El mensaje de Nina puso fin a una sucesión de días espantosos. Tal vez sólo fue una cadena de días aburridos. Sí. Pero ahora, Nina le abría la puerta a una sucesión de horas y días de angustia, intriga y desazón. Primero aburrimiento, luego tristeza y nostalgia y ahora angustia. ¿Y la felicidad? A todas éstas ¿dónde estaba la puta de la felicidad?
—¿Y qué hace usted preguntando por esa señora? —me dijo Vallejo— No sea bobito. La felicidad no se vive. La felicidad se recuerda.
—Gracias, Fernando.
—No se preocupe, joven. Siempre a sus órdenes.

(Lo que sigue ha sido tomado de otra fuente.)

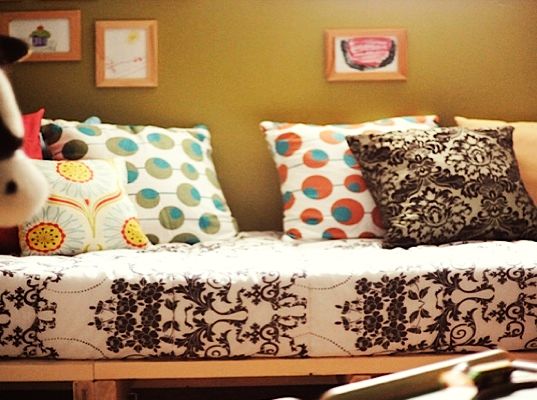Диваны могут быть не только в стандартном «книжном» варианте, но иметь и угловые формы. - Яркие подушки или матрасы,

Esa mañana, mientras redactaba un diccionario de interpretación, desciframiento e inducción de los sueños de la gente, trataba yo de interpretar y descifrar aquel mensaje. ¿Nina? Tiene que ser una simple y odiosa casualidad. Ella misma dice no conocerme. Pero entonces, ¿por qué ese mensaje? Evidentemente, la tal Nina debía estar medio loca o debía estar pasando por una crisis nerviosa porque ¿a quién se le ocurre decirle a alguien, que ni conoce ni ha visto jamás en su vida, que lo ama? Lo cierto es que batallé toda la mañana, prescribiendo señales clarísimas de buena suerte y desenterrando preocupaciones arquetípicas en los sueños de otros, perdido en aquel mensaje. Los ojos de ardilla volvían, nítidos en su color castaño inamovibles y ya no parecían observarme sino posarme, delicados, una pregunta. Traté de imaginar cuál, entre miles, podía haber sido el destino de la Nina que yo conocí; cómo el más extraño y patético de los derroteros podía haberla llevado a caer donde había caído, porque eso era seguro, y desde ahí, desde ese pozo infame, mandarme ese pequeño hilo de luz, hambriento, que la salvaba a ella y a mí. Estos esfuerzos eran inútiles. La memoria me devolvía a las dos o tres imágenes de siempre: los ojos de ardilla, su olor divino y la piel suave de los duraznos. Los verdaderos recuerdos son así, dos o tres figuras que se repiten interminablemente. Los imposibles caminos seguidos por su vida se perdían en esas tres imágenes celosas. A las cuatro de la tarde no aguanté más. Tenía que hacer algo, no con respecto a Nina; tenía que hacer algo conmigo, por mí. Subí a mi cuarto, me vi en el espejo, logré rescatar de aquel reflejo la silueta delgada de mis piernas y entonces la idea llegó prácticamente sola, corriendo con naturalidad hacia mí. Tenía que correr, tenía que correr sin detenerme.
Me detuve, sin embargo, muerto de cansancio, media hora después de haber empezado.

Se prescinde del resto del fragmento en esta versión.